Provided data Start Marker

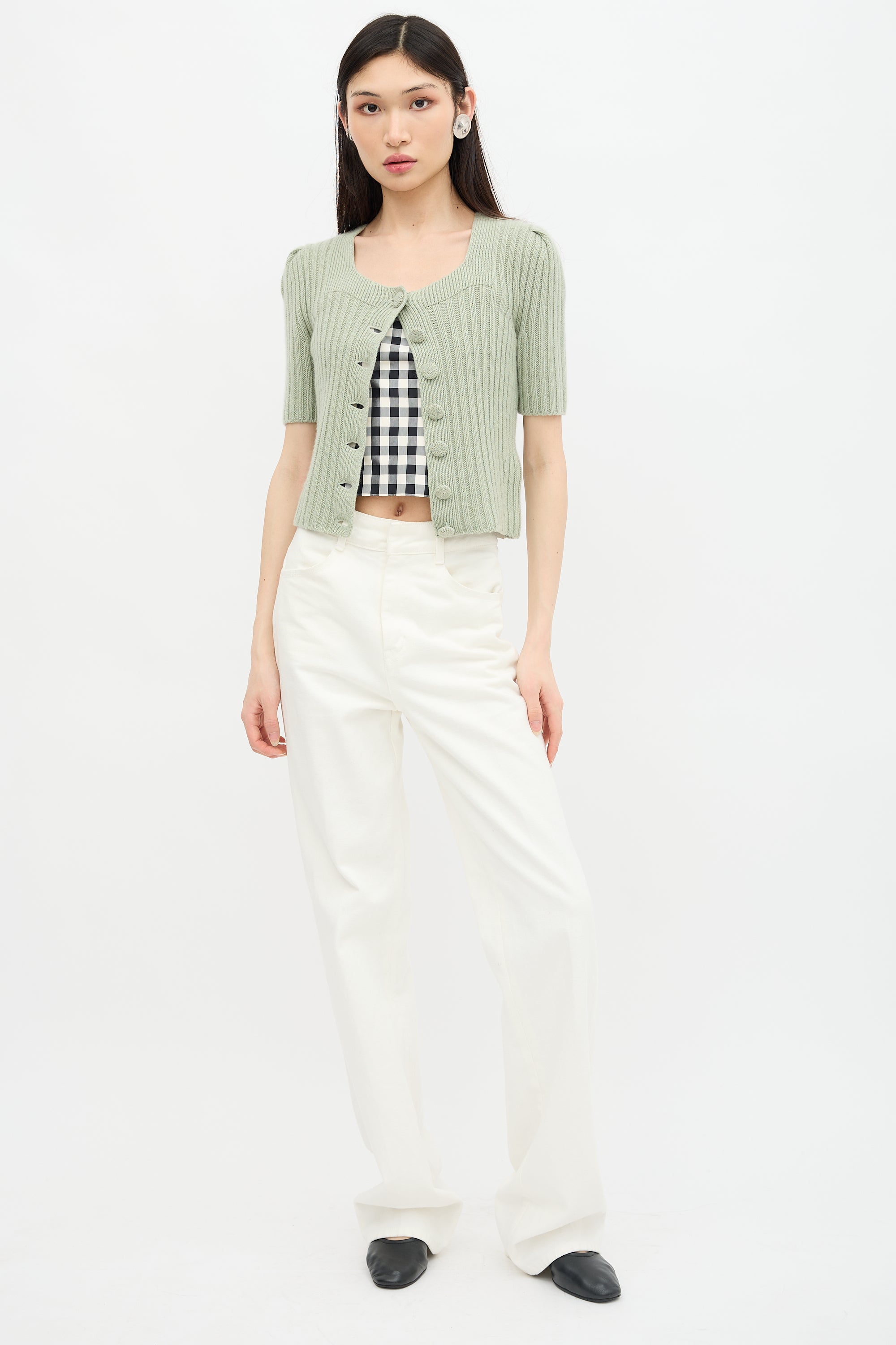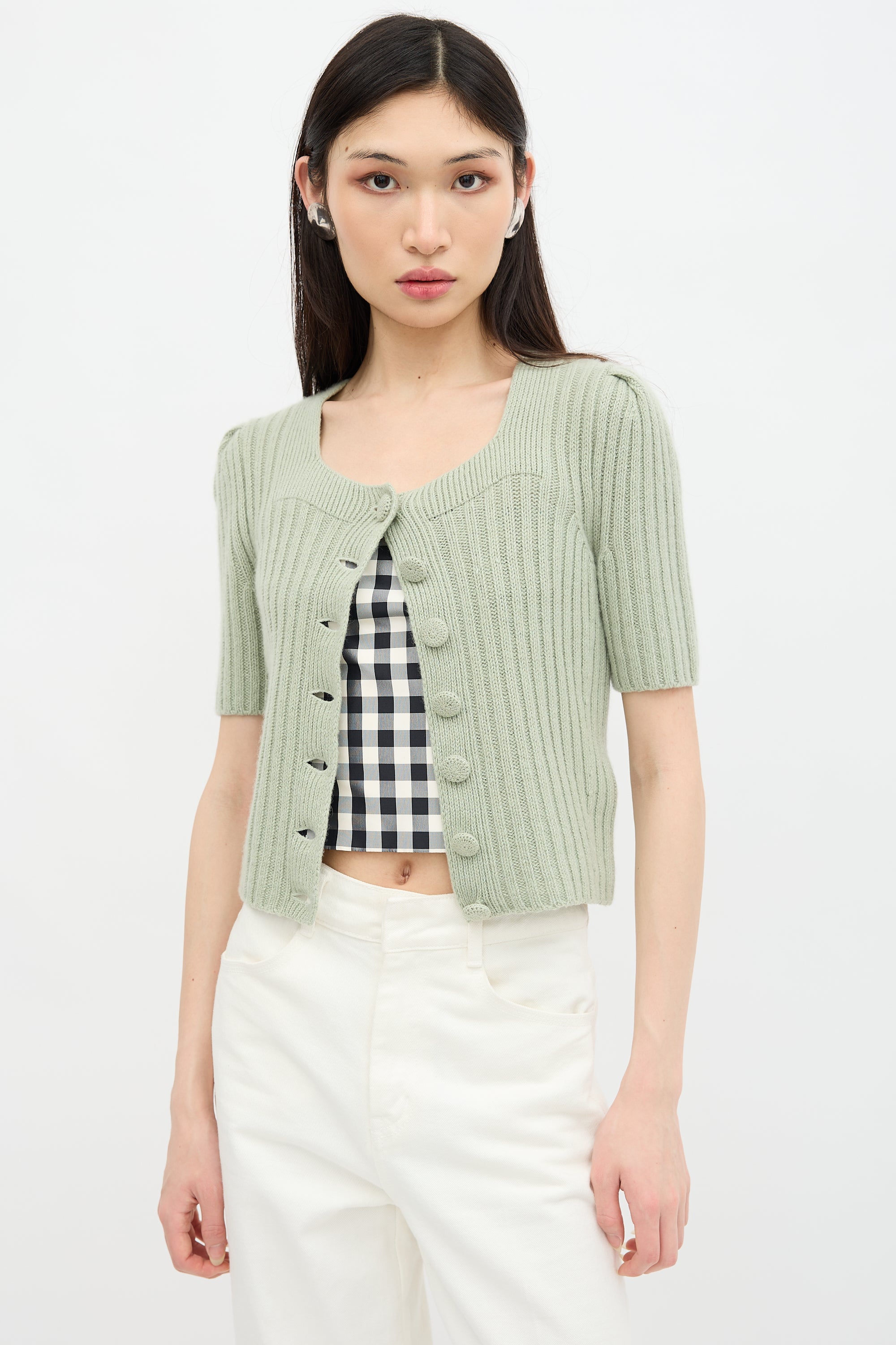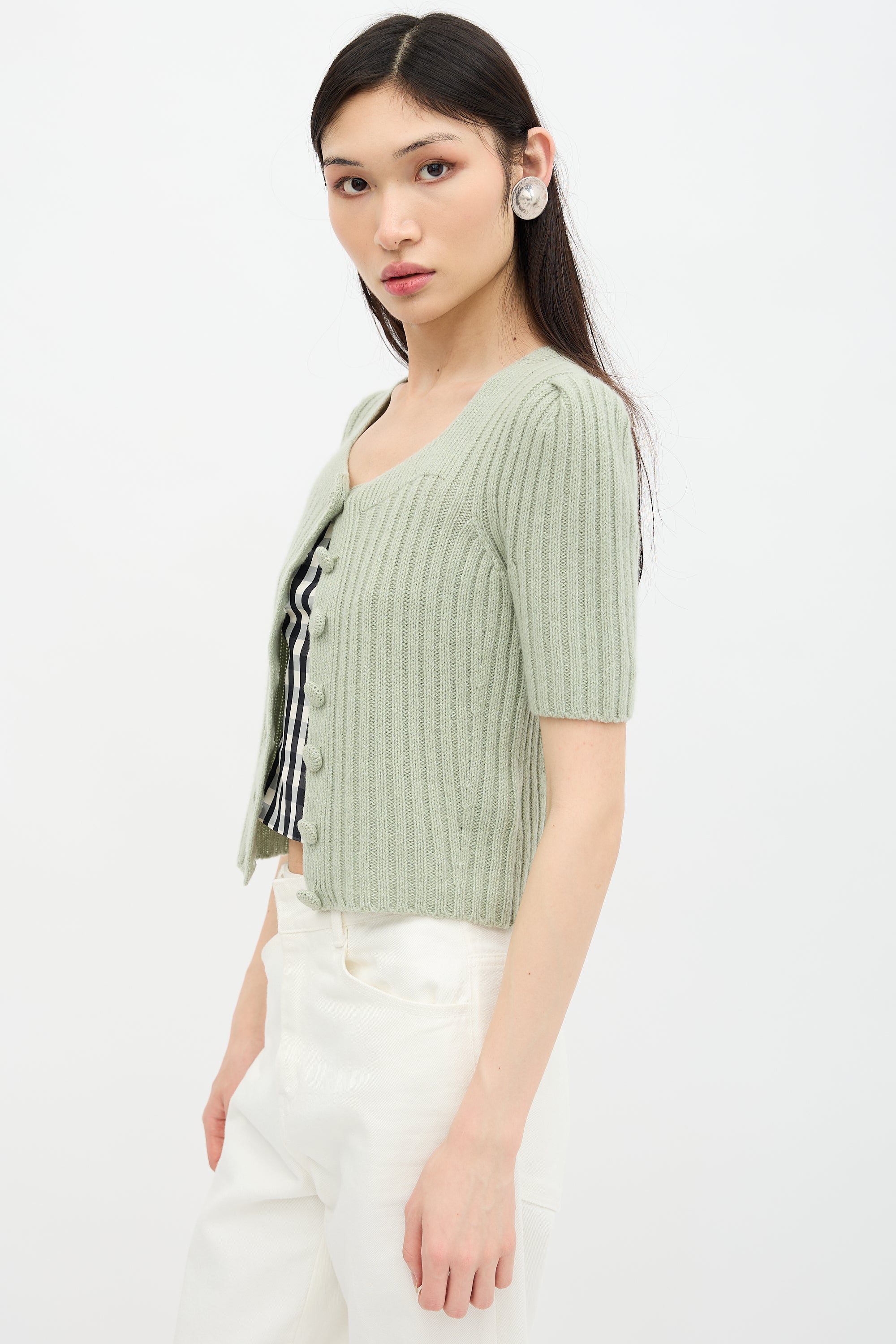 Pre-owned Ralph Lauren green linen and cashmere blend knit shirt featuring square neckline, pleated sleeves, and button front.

Provided data End Marker
Provided data Start Marker

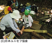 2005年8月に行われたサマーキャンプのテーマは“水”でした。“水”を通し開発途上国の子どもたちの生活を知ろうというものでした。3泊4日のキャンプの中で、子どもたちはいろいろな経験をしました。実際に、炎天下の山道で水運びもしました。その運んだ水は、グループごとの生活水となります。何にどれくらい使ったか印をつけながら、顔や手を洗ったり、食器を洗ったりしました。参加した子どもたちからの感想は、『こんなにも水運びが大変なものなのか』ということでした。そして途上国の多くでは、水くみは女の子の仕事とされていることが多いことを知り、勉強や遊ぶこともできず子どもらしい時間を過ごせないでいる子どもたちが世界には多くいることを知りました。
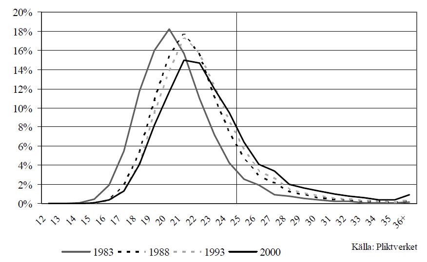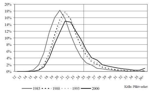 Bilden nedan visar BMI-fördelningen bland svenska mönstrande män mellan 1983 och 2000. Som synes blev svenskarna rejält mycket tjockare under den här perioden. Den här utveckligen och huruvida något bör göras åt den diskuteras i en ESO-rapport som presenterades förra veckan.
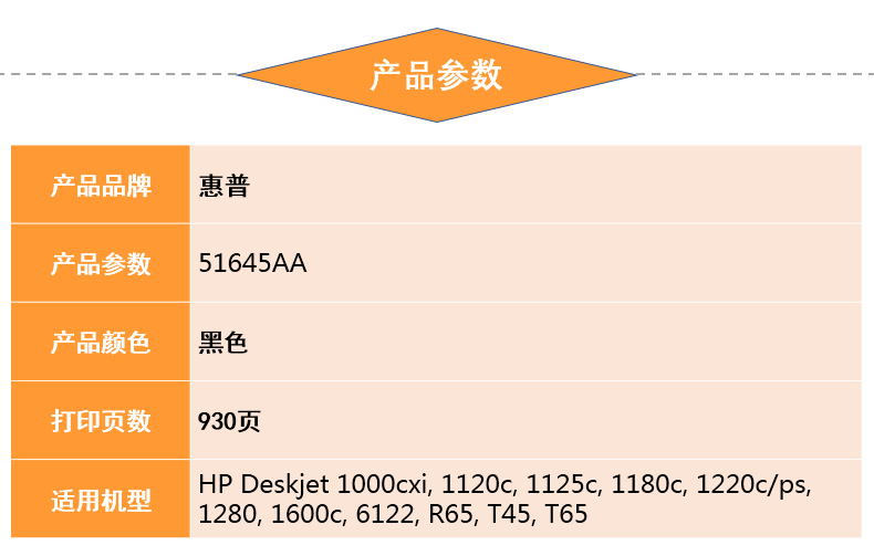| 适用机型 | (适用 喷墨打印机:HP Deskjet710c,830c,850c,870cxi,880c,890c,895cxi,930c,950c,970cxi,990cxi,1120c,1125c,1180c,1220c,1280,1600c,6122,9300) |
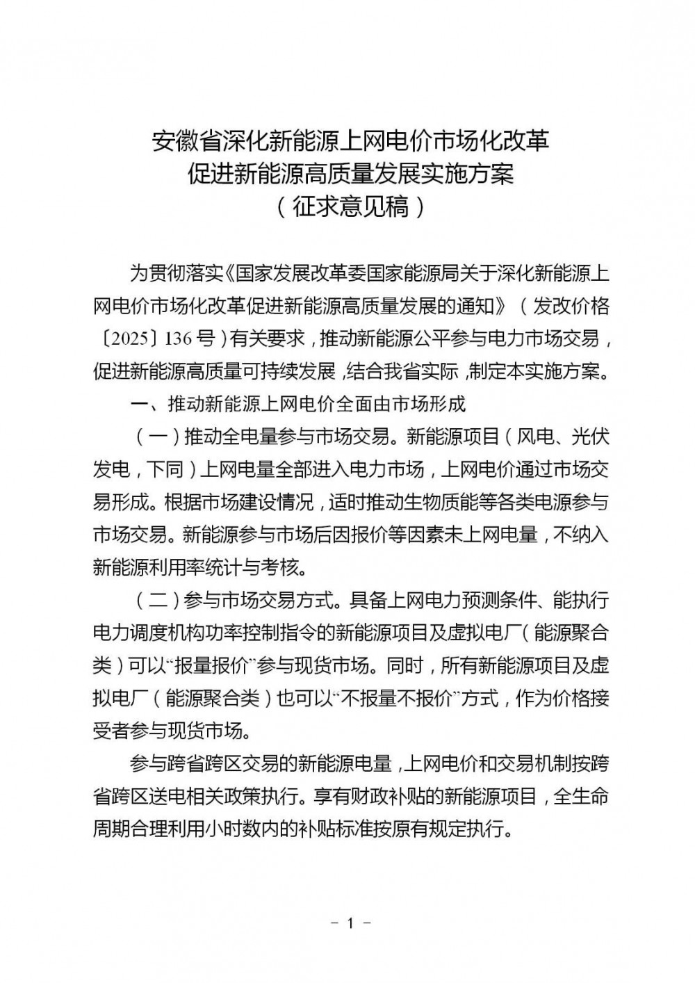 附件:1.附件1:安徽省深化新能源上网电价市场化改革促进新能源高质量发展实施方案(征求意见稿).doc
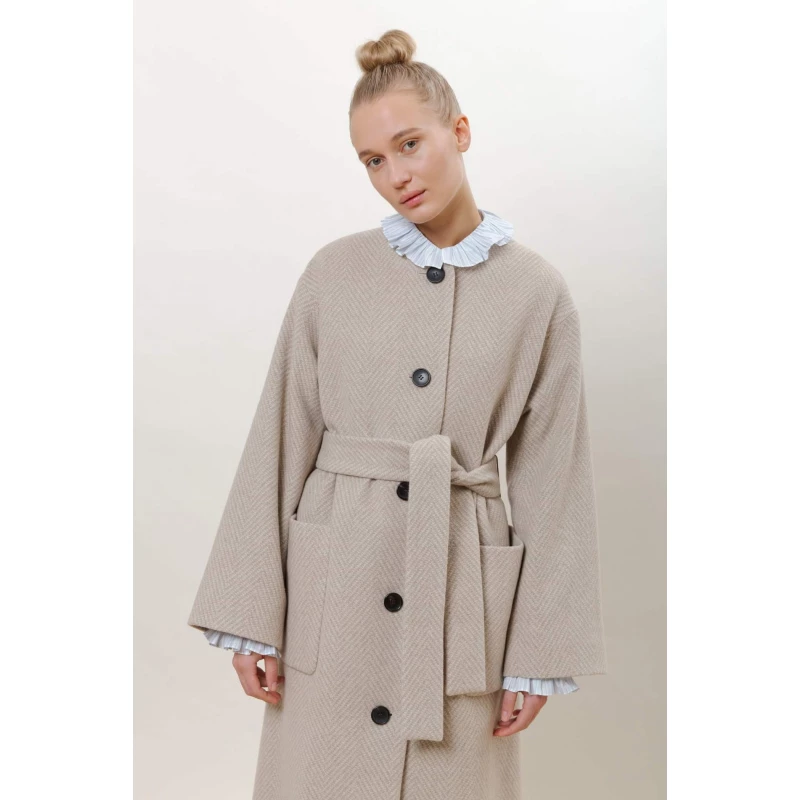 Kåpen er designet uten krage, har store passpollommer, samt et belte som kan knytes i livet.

Provided data End Marker

Using the records above, print exactly the run of lines that starts with the line with "Bilden nedan visar" and goes on through the line with "Kåpen er designet", pictures excluded.

 Bilden nedan visar BMI-fördelningen bland svenska mönstrande män mellan 1983 och 2000. Som synes blev svenskarna rejält mycket tjockare under den här perioden. Den här utveckligen och huruvida något bör göras åt den diskuteras i en ESO-rapport som presenterades förra veckan.
| 适用机型 | (适用 喷墨打印机:HP Deskjet710c,830c,850c,870cxi,880c,890c,895cxi,930c,950c,970cxi,990cxi,1120c,1125c,1180c,1220c,1280,1600c,6122,9300) |
 附件:1.附件1:安徽省深化新能源上网电价市场化改革促进新能源高质量发展实施方案(征求意见稿).doc
 Kåpen er designet uten krage, har store passpollommer, samt et belte som kan knytes i livet.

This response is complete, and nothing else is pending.